A.K A.K - 1 year ago 132
C++ Question

What is difference between CW2A(LPCWSTR)str) and CW2A(LPCWSTR)str, CP_UTF8)?

I am trying to convert few CStringW strings to CStringA strings. One of the strings (lets call it otherLangString) is in other language (Chinese, Arabic etc.). All the other strings had no issue getting converted when used like this :


But when used for the otherLangString, I was getting "?????"
So to fix that, I did this and it worked

CW2A(some_String, CP_UTF8);

Now in the code some all conversions looked like the 1st sample except one which looked like the 2nd sample.

For consistency I mixed above two and did this for all.

CW2A((LPCWSTR)some_String, CP_UTF8);

My questions is, What is the difference between following ?

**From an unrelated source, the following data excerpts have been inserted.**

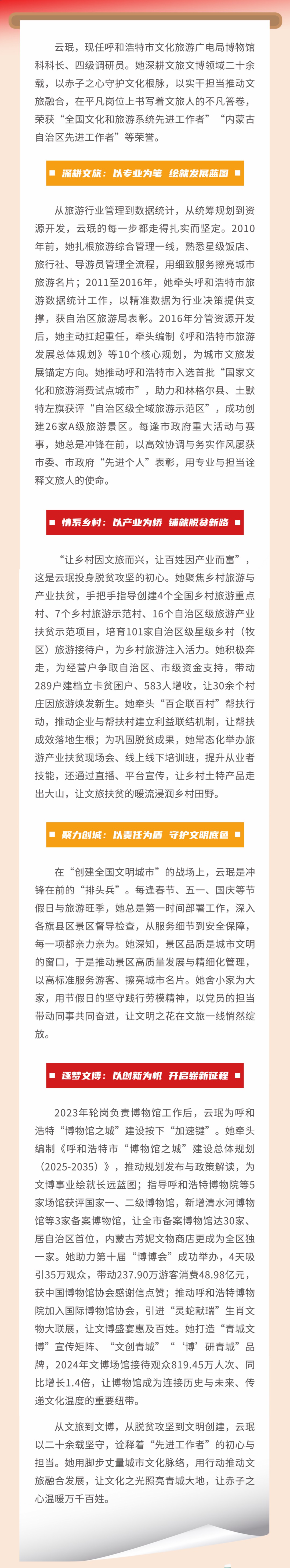 履职担当文博路 文旅融合赤子心——记内蒙古自治区先进工作者、呼和浩特市文化旅游广电局博物馆科科长、四级调研员云珉
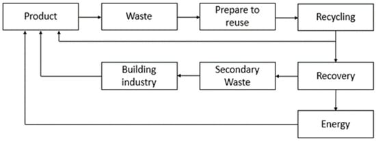 Thermal treatment is the safest option of waste management during a pandemic [12]. There is one problem—the more waste is incinerated, the more secondary waste is created [4]. Europe generated approximately 29.4 million mg of secondary waste in 2017 from 492 million mg of municipal solid waste and 0.24 million mg only in Poland. If the secondary wastes were managed, the circuit would be closed (Figure 3) [27]. Figure 3 shows an ideal circular economy [28].
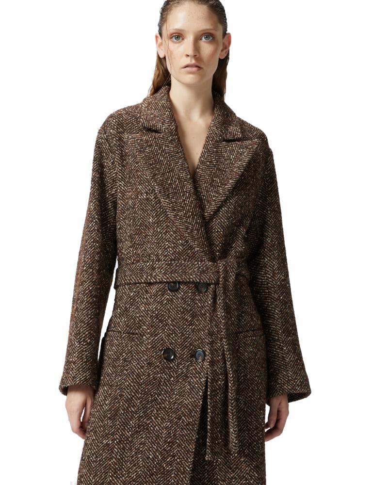 - Long ankle-length women's coat in mixed wool fabric with a fishbone pattern, simulating the lines of a fishbone, in shades of brown and camel.
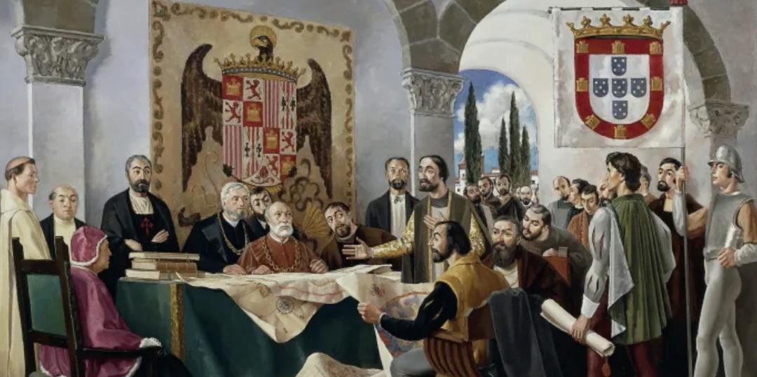 ◇ 图为1494年6月7日,西班牙和葡萄牙签署《托尔德西里亚斯条约》
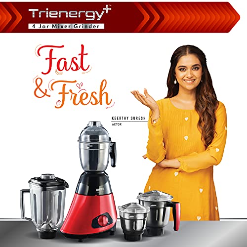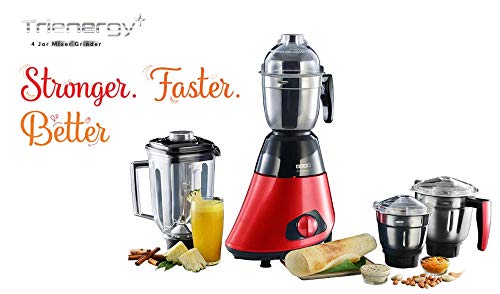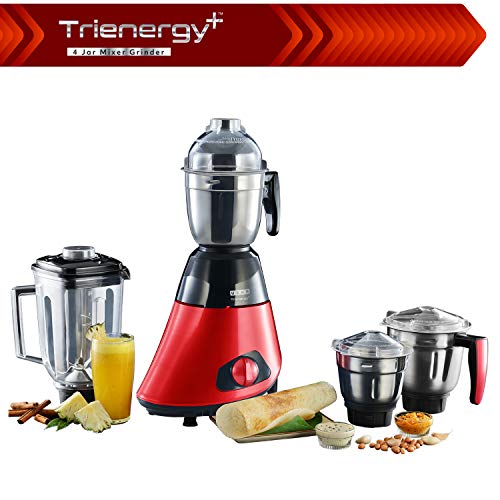 Usha Trienergy Plus 800 Watt Mixer Grinder with Copper Motor, Sq. Formed Quadri Movement Blender Jar and, 6 Fin Whirlwind Meals Grade Blade, 4 Jars (Crimson)
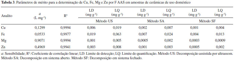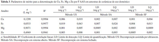 É possível perceber uma concordância entre as intensidades dos sinais para as diferentes soluçoes ácidas a partir da concentraçao de 0,05% m/v de CsCl e 0,5% m/v de LaCl3, mesmo variando a concentraçao de HF. Sendo assim, essa concentraçao foi escolhida para as posteriores determinaçoes desse analito por F AAS. Concentraçao de Cu, Fe, Mg, e Zn em cerâmicas de uso doméstico Após estabelecer as melhores condiçoes para o preparo de decomposiçao ácida assistida por ultrassom (US), o método foi aplicado em oito diferentes amostras de louças cerâmicas para a determinaçao de Cu, Fe, Mg e Zn por F AAS. As amostras também foram preparadas usando os procedimentos 2 e 3, envolvendo a decomposiçao em sistema aberto (SA) e a decomposiçao em sistema fechado (SF), respectivamente. Os parâmetros de mérito obtidos para essas determinaçoes estao dispostos na Tabela 3. A faixa linear de trabalho para os analitos foram: 1,0 a 4,0 mg L-1 para Cu; 1,0 a 6,0 mg L-1 para Fe; 0,1 a 0,4 mg L-1 para Mg e 0,5 a 2,0 mg L-1 pra Zn. Os valores de coeficiente de correlaçao linear foram todos maiores que 0,99.
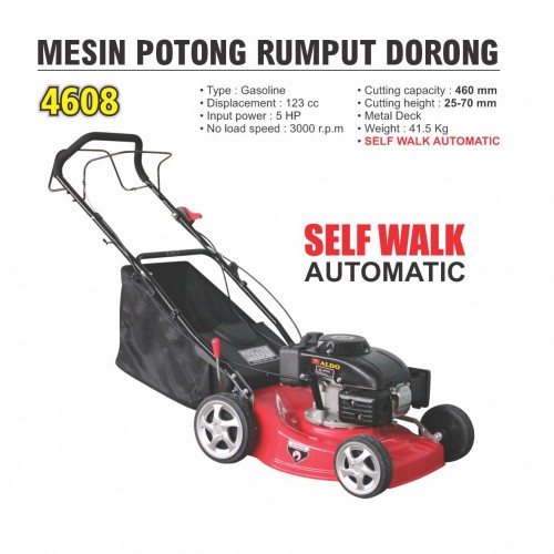 Type : Gasoline Displacement : 123 cc Input power : 5 HP No load speed : 3000 r.p.m Cutting capacity : 460 mm Cutting height : 25 - 70 mm Metal Deck SELF WALK AUTOMATIC

- CW2A((LPCWSTR)some_String, CP_UTF8) and CW2A(some_String, CP_UTF8);
- CW2A((LPCWSTR)some_String) and CW2A(some_String, CP_UTF8);

Answer Source

CW2A is a typedef for CW2AEX<>, and it's c'tor is documented. The c'tor taking 2 arguments allows you to explicitly specify the code page to use for the conversion:

The code page used to perform the conversion. See the code page parameter discussion for the Windows SDK function MultiByteToWideChar for more details.

If you don't specify a code page, the current thread's ANSI code page is used for the conversion (you rarely want that). This is explained under ATL and MFC String Conversion Macros:

By default, the ATL conversion classes and macros will use the current thread's ANSI code page for the conversion. If you want to override that behavior for a specific conversion using macros based on the classes CA2WEX or CW2AEX, specify the code page as the second parameter to the constructor for the class.

In your case,


converts from UTF-16 to a narrow character string, using the thread's current ANSI code page. The result is only meaningful when interpreted using the same ANSI code page. To make matters worse, ANSI code page encoded strings cannot represent all Unicode characters.

The other piece of code

CW2A(some_String, CP_UTF8);

converts from UTF-16 to UTF-8. This is generally favorable, since the conversion is lossless and explicit. Both encodings can represent the same set of characters. The encoded string can be decoded by any reader capable of interpreting UTF-8.

Note: In general, you cannot directly use a UTF-8 encoded character string stored in a CStringA in Windows. It is safe to send the contents over a network, or write them to disk. But if you want to pass it to the Windows API (e.g. for display) you have to convert to UTF-16 first. The ANSI versions of the Windows API do not support UTF-8.